North America would have many independent lodges in the 18th century. Authorisation, which later would become a Warrant, took time and expense, especially in the period when the nearest Grand Lodge was on the other side of the Atlantic. Many lodges became "self starters", and only applied for Grand Lodge authorisation when they were reasonably confident that the lodge would survive for more than a few years. George Washington was initiated into the Lodge of Fredericksburg in 1752. The same lodge was chartered by the Grand Lodge of Scotland in 1758. The first properly chartered "Scottish" lodge was only two years earlier, being the Lodge of St. Andrews in Boston. Members included Paul Revere and Joseph Warren, and (according to some) later lodge outings included the Boston Tea Party.

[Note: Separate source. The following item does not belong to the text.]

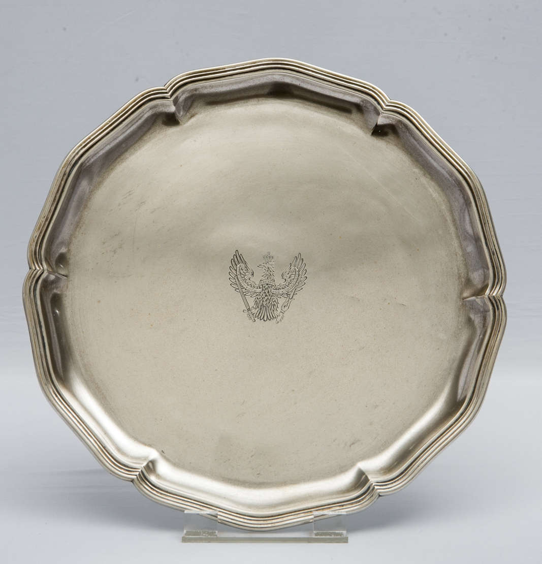 Prato de servir em prata alemã apresentando punção de garantia da coroa e da lua para teor 800 milésimos e posto em u...
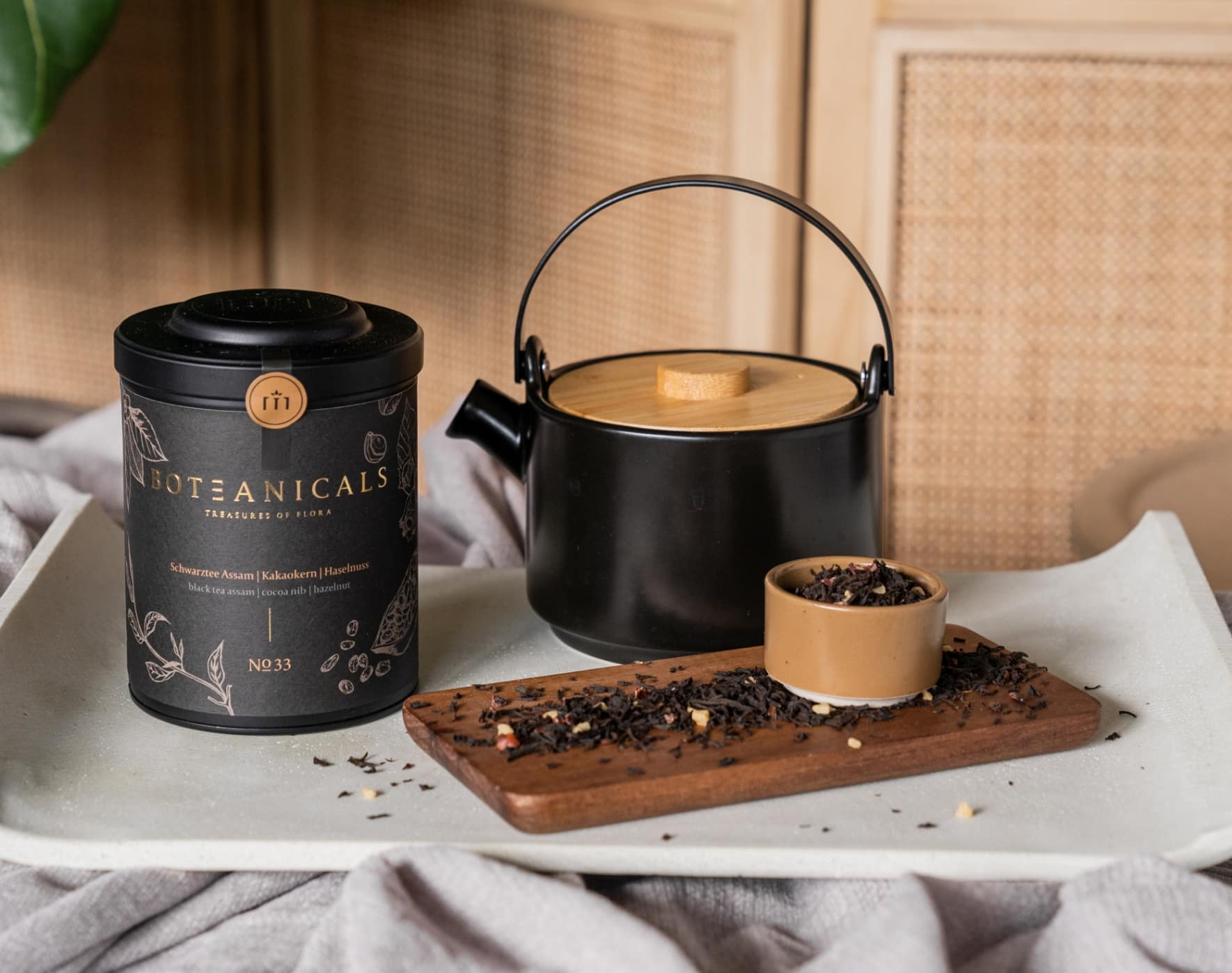 Unsere Tee-Kompositionen sind in edlen Dosen verpackt und dabei komplett plastikfrei. Um dennoch langanhaltende Frische garantieren zu können und den Geschmack zu wahren, haben wir einen praktischen Doppeldeckel für den Aromaschutz integriert. Auch unsere anderen Verpackungsmaterialien bestehen möglichst aus nachhaltigen und recycelten Materialien.

Many lodges were attached British Army regiments. The Moderns may have been wary of warranting lodges without a permanent address, so there was only one Grand Lodge of England warrant in the continental army from 1775 to 1777. The Antients and the Grand Lodge of Scotland were slightly better represented, but the overwhelming majority of regimental lodges held warrants from the Grand Lodge of Ireland. Thus it was that a group of African Americans, having been rejected by the lodges in Boston, were initiated into Lodge No 441 on the register of the Grand Lodge of Ireland, which was attached to the 38th Foot (later the 1st Staffordshire). These 15 men formed African Lodge No 1, as the British departed, leaving them a permit to do almost everything but admit new masons. Two of the members were seafarers, and obtained entrance to a lodge in London, being recognised as regularly initiated Masons. This enabled their master, Prince Hall, to apply to the Moderns for a charter, which was duly granted on 29 September 1784, now as African Lodge No. 459. Such was the success of the lodge that it became a Provincial Grand Lodge, and Prince Hall the Provincial Grand Master. After his death, the provincial lodges reconstituted themselves as a grand lodge (African Grand Lodge), becoming Prince Hall Grand Lodge in 1847. Around the same time, the history of Freemasonry in Mexico can be traced to at least 1806 when the first Masonic lodge was formally established in the nation.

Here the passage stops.